Seti II (or Sethos II) was the fifth pharaoh of the Nineteenth Dynasty of Egypt and reigned from c. 1203 BC to 1197 BC. His throne name, Userkheperure Setepenre, means "Powerful are the manifestations of Re, the chosen one of Re." He was the son of Merneptah and Isetnofret II and occupied the throne during a period known for dynastic intrigue and short reigns, and his rule was no different. Seti II had to deal with many serious plots, most significantly the accession of a rival king named Amenmesse, possibly a half brother, who seized control over Thebes and Nubia in Upper Egypt during his second to fourth regnal years.

==Contest for the throne==
Evidence that Amenmesse was a direct contemporary with Seti II's rule—rather than Seti II's immediate predecessor—includes the fact that Seti II's royal KV15 tomb at Thebes was deliberately vandalised with many of Seti's royal names being carefully erased here during his reign. The erasures were subsequently repaired by Seti II's agents. This suggests that Seti II's reign at Thebes was interrupted by the rise of a rival: king Amenmesse in Upper Egypt. Secondly, the German scholar Wolfgang Helck has shown that Amenmesse is only attested in Upper Egypt by several Year 3 and a single Year 4 ostracas; Helck also noted that no Year 1 or Year 2 ostracas from Deir El Medina could legitimately be assigned to Amenmesse's reign.
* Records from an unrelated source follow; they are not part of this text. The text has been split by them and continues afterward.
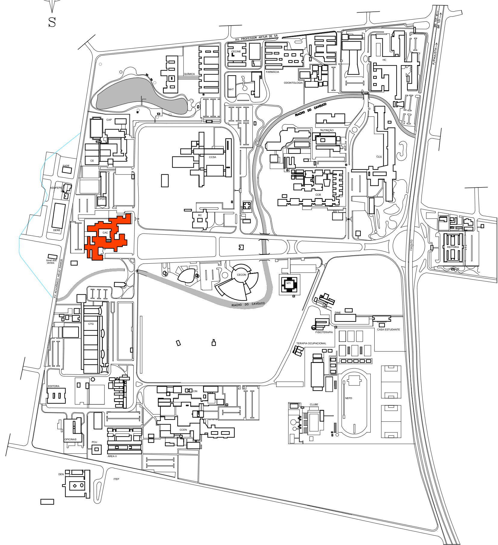
1 PLANTA DE SITUAÇÃO SEM ESCALA
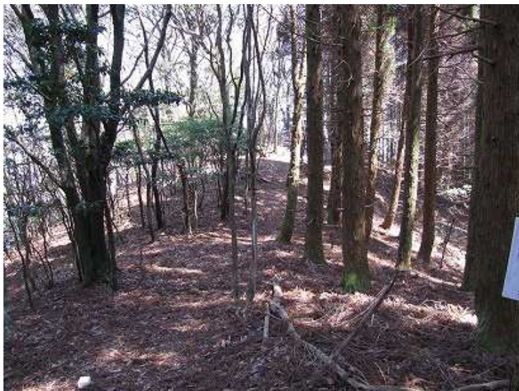
11:12 ブナ尾根分岐からブナ尾根方面。
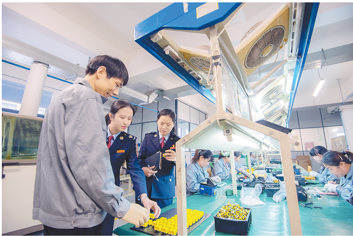
宁波市税务局大企业税收服务和管理部门走进出口企业生产车间了解情况。

最近，市税务部门对35家总部在甬千户集团进行了问卷调查和典型调研。剖析千户集团税收数据与宁波整体税收情况，可以看到作为“关键少数”的大企业在引领本地经济发展中的龙头作用；全面解读千户集团在全市经济产业发展中的现状，可以在一定程度上实现对宁波经济轮廓的解读。
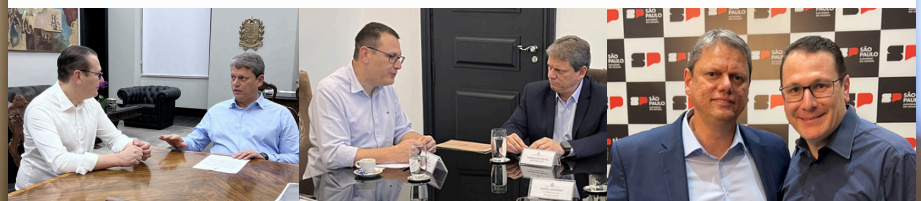
O deputado Rafa Zimbaldi e o governador Tarcísio de Freitas em diferentes reuniões para tratar de investimentos na Região de Campinas.
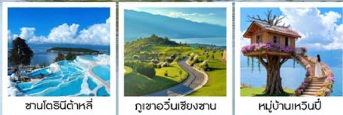
ซานโตรินี่ต้าหลี่

“เกาะเสี่ยวผู่...เกาะลึกลับกลางทะเลสาบ เอ้อไห้”
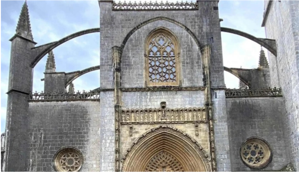
Iglesia basilica de la asuncion de maria santa maria sitio web
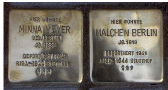
Die Stolpersteine in der Grindelallee 134
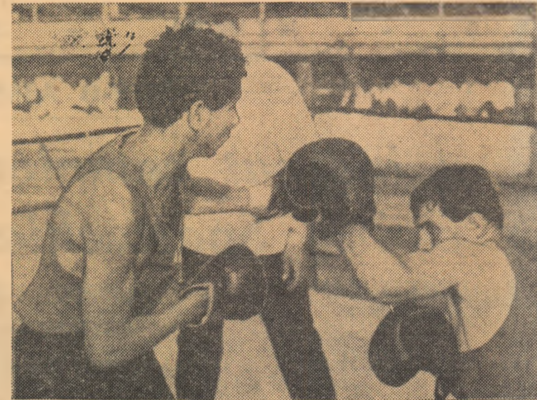
Aspect de la o reuniune de box disputată pe stadionul Giulești în Spartachiadei republicane.
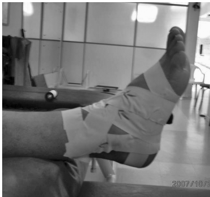
Figura 1. Bandagem funcional de tornozelo.

Bandagem do tipo esparadrapo não-elástico que continha em sua composição borracha natural e óxido de zinco, o que proporciona boa aderência e flexibilidade ao tecido (Figura 1).
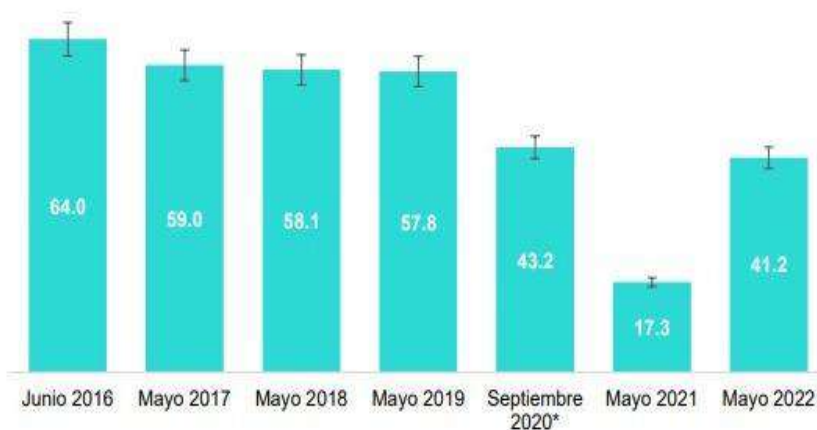
Gráfica 1 POBLACIÓN QUE ASISTIÓ A ALGÚN EVENTO CULTURAL SELECCIONADO 1 (Porcentaje)

Específicamente, en términos de conciertos musicales, México es el mercado más grande de América Latina con ingresos de $316 millones de dólares en 2019, último año pre pandémico. Para el presente año, de acuerdo con el Módulo sobre Eventos Culturales Seleccionados (MODECULT) 2022 del Instituto Nacional de Estadística y Geografía (INEGI) en 2022, el 41.2% del total de la población mexicana declaró haber asistido a alguna obra de teatro, concierto o presentación de música en vivo, espectáculo de danza, exposición, proyección de películas o cine durante los últimos 12 meses , lo que representa una recuperación de 24 puntos porcentuales respecto a 2021. 2
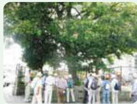
保護樹木・大木・古木を訪ねて
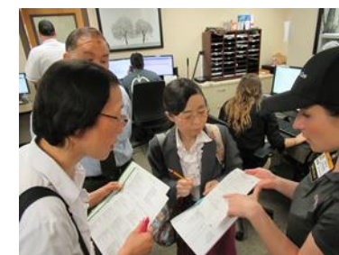
[ミズーリ大学コロンビア校・現地視察]
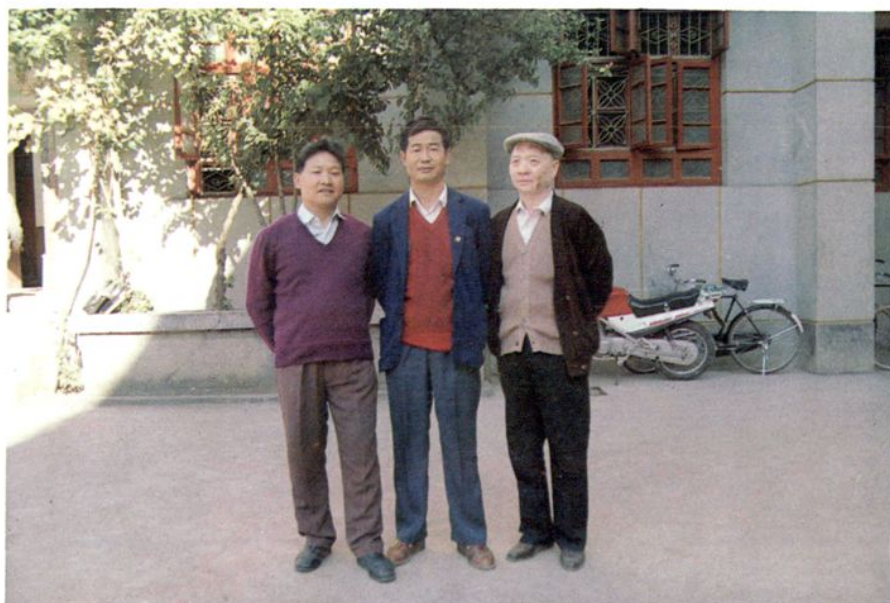
《院志》主编与院领导合影
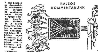
Dieses aus dem ungarischen Parteiblatt «Népszabadság» stammende Beispiel kommunistischer Hetze stellte uns freundlicherweise die Osteuropa-Bibliothek von Dr. P. Sager, Bern, zur Verfügung.
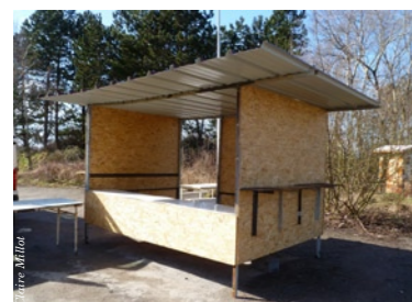
Tétéghem : point de distribution

A Grande-Synthe, c'est un container, oublié depuis des années sur le terrain, qui a été aménagé : nettoyé et repeint, un sol en ciment, deux grandes tables et deux bancs. Un grand espace est libéré pour que les gars puissent être
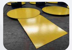
LOADING RAMP * (* on request)
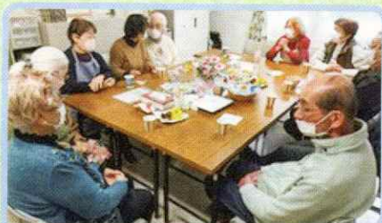
きだバレス手作りカフェ「てくてく」(曙地区)

気楽なおしゃべりする会として、お菓子交換も、皆さんのお楽しみの一つとなっている様子です。
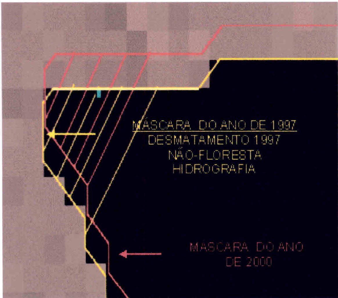
Fig.1 Imagem fração-sombra do ano de 2000 e as respectivas máscaras obtidas para os anos de 1997 (amarelo) e para o ano de 2000 (vermelho).

Foi feita a superposição e a comparação dos limites das máscaras dos anos de 1997 e de 2000 sobre a imagem sintética fração-sombra do ano de 2000 e analisou-se os tipos de distorções que ocorriam. Além da grande área de interseção entre as máscaras dos anos de 1997 e 2000 existem dois alinhamentos sistemáticos de “pixels”, representando uma área que está sendo incluída e outra que está sendo omitida. A Figura 2 mostra os dois tipos de alinhamentos de “pixels” existentes quando são comparadas as duas máscaras. A correção das distorções observadas entre os mapas dos anos de 1997 e 2000 foi baseada nestes pixels alinhados.
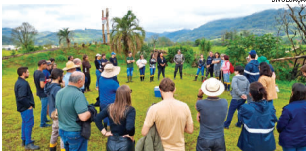
Plano Recupera Rural RS realizou mais uma etapa do diagnóstico das estradas rurais

A região carrega as marcas dos eventos climáticos extremos de 2023 e 2024, que causaram perdas significativas na cobertura vegetal, no solo e na infraes-
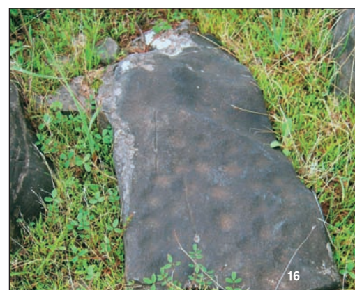
11-16. Σπείρες 1-6 από τη συστάδα με τις σπείρες.
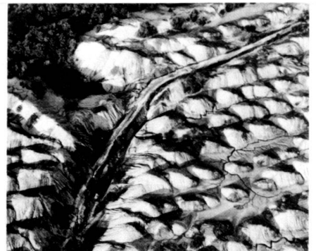
Das Gelände vor der Umgestaltung durch Michael Heizer.

In contrast to Christo, for whom land-art always also means a major operation involving a great deal of fuss, a
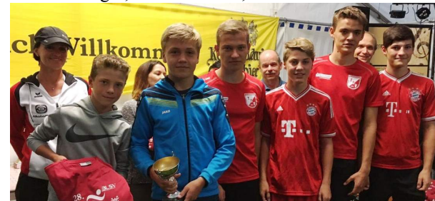
Jugend - 1. Platz bei der Übergabe von T-Shirt und Pokal.
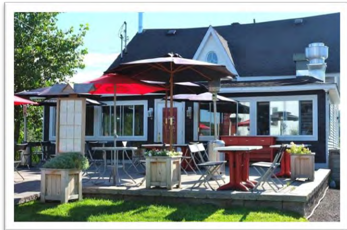
Trattoria Sofia, 304, rue Principale
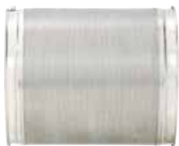
0,5 mm Destiné à filtrer les fibres et impuretés les plus fines. S'utilise en complément du tamis 1 mm.
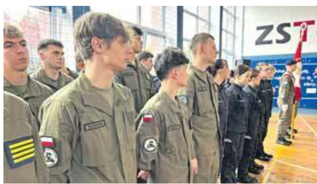
Zakończenie roku szkolnego klas mundurowych ma zawsze wyjątkowy charakter

Uroczystość miała wyjątkowy charakter i przebiegała
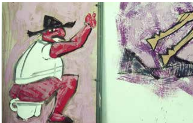
איור 17 | פרט מתוך ציור קיר בגלריה המרכזית בעין הוד. צייר: מרסל ינקו, שנות ה־60
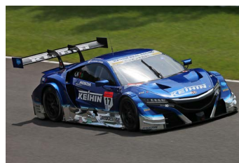
Honda勢最上位の KEIHIN NSX-GT
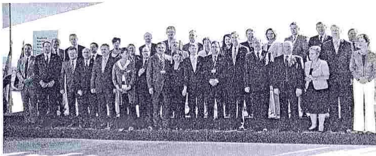
Los ministros de Agricultura de la Unión Europea se reúnen en Mérida durante un encuentro celebrado del 30 de mayo al 1 de junio.
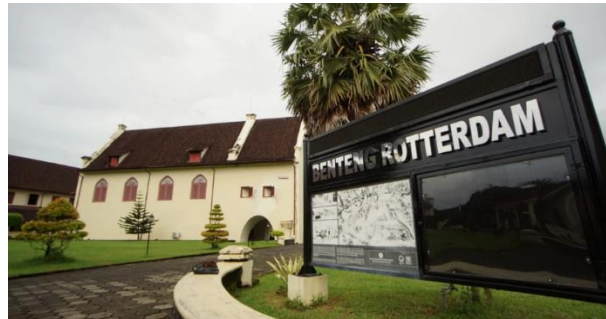
Gambar 10. Benteng Rotterdam

Bangunan ini dibangun untuk kepentingan militer dan pertahanan penjajah dari serangan musuh atau pemberontakan rakyat. Beberapa bangunan tersebut antara lain; Benteng Rotterdam di Makassar (peninggalan Belanda), Benteng Vastenburg di Surakarta, Benteng Fort Oranje di Ternate (peninggalan Portugis dan Belanda), Benteng Marlborough di Bengkulu (peninggalan Inggris).
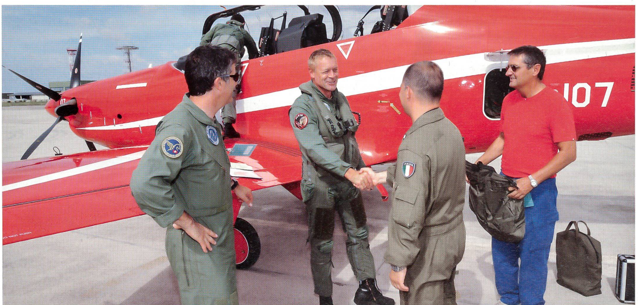
Freundschaftlich-kameradschaftliche Begrüssung im italienischen Galatina bei Lecce.
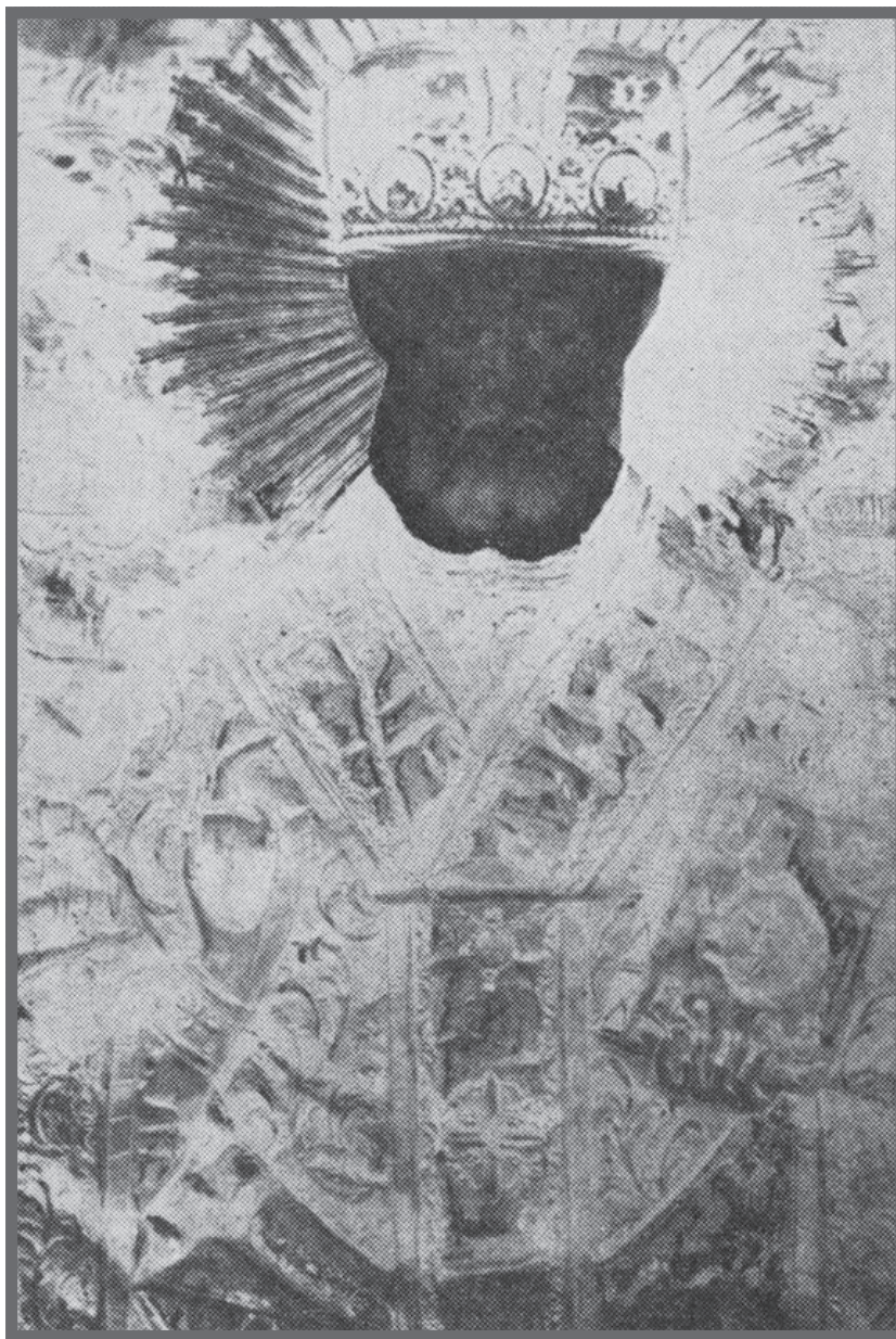
Чудотворний образ св. Миколая

Причин занепаду монастиря Св. Трійці біля с. Вербка, на нашу думку, є кілька. Відкидаємо як нічим не підкріплену гіпотезу дослідників XIX ст. про те, що монастир спалили татари. Давній, цілком можливо, але не доби князів Сангушків, Курбського. Чому? Бо ж від

This conforms well with the clear evidence of Seti II's control over Thebes in his first two years, which is attested by various documents and papyri. In contrast, Seti II is absent from Upper Egypt during his third and fourth years which are notably unattested—presumably because Amenmesse controlled this region during this time. Seti II is only attested in Upper Egypt in Regnal Year 1, 2, 5 and 6 of his reign while the usurper Amenmesse likely seized control of Upper Egypt and the Valley of the Kings sometime between Year 2 until Year 5 of Seti II's reign when he was finally defeated.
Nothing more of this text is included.